The three photojournalists also commended the ongoing work of Women Photograph, a nonprofit organisation set up in 2017 enabling women photographers across the world have more access to professional development opportunities.
‘Look into the emotional story of an image’
In a separate forum, UAE-based British photographer Anthony Lamb spoke about how he “draws the viewer’s interest deeper into the emotional story of an image”.
He said he incorporates stillness and silence in his work. The minimalistic approach to achieve simplicity in his photography shifts the viewer’s perspective so that the imagery is less about the actual place and more about the emotional state. “I have always been drawn to large open outdoor spaces, clean linear design, water bodies and simplicity and balance. These elements that make up many parts of my life have combined to produce a preferred method and approach to my photography,” he said.
“By reducing distraction and introducing negative space into my work, I wanted to portray a sense of calm and silence. This calm pulls on your emotions and the simplicity of the photograph draws you to ask questions. I tend to spend a long time shooting a subject from various angles. This allows me to get to know the object and helps me understand how it sits in its environment,” Lamb added.

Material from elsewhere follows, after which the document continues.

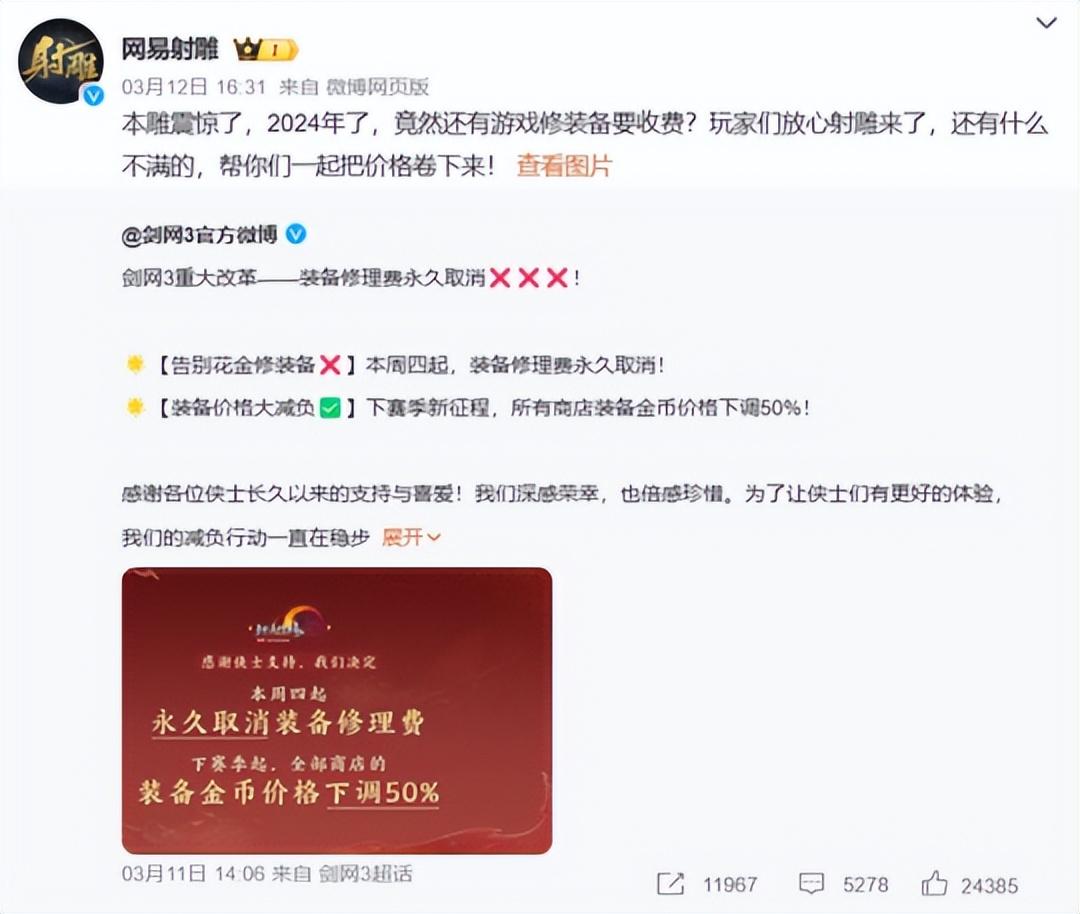 事情起因是《劍網3》宣佈取消修理費用,並下調商店裝備金幣的價格,惹來了隔壁喫瓜羣衆《射鵰》的關注。《射鵰》當即一個閃現跳臉,表示這都2024了,居然還有遊戲修裝備要錢,覺得十分不可思議。

Italian photojournalist Francesco Zizola discussed the visual narration between document and photography and showcased how his photographs speak about a visual narrative.
He said: “What photography makes available to us today is more complex than it was in the past. So now is the time to try to entrust photographic images with the task of activating a process of not just narrating what the image shows but also the process that the image is activating in us. In documentary photography, it is important to go beyond the surface.”
Organised by the Sharjah Government Media Bureau, the last day of the four-day Xposure International Photography Festival is on Saturday, February 13. Catch some of the world’s most celebrated photographers’ works at Expo Center Sharjah.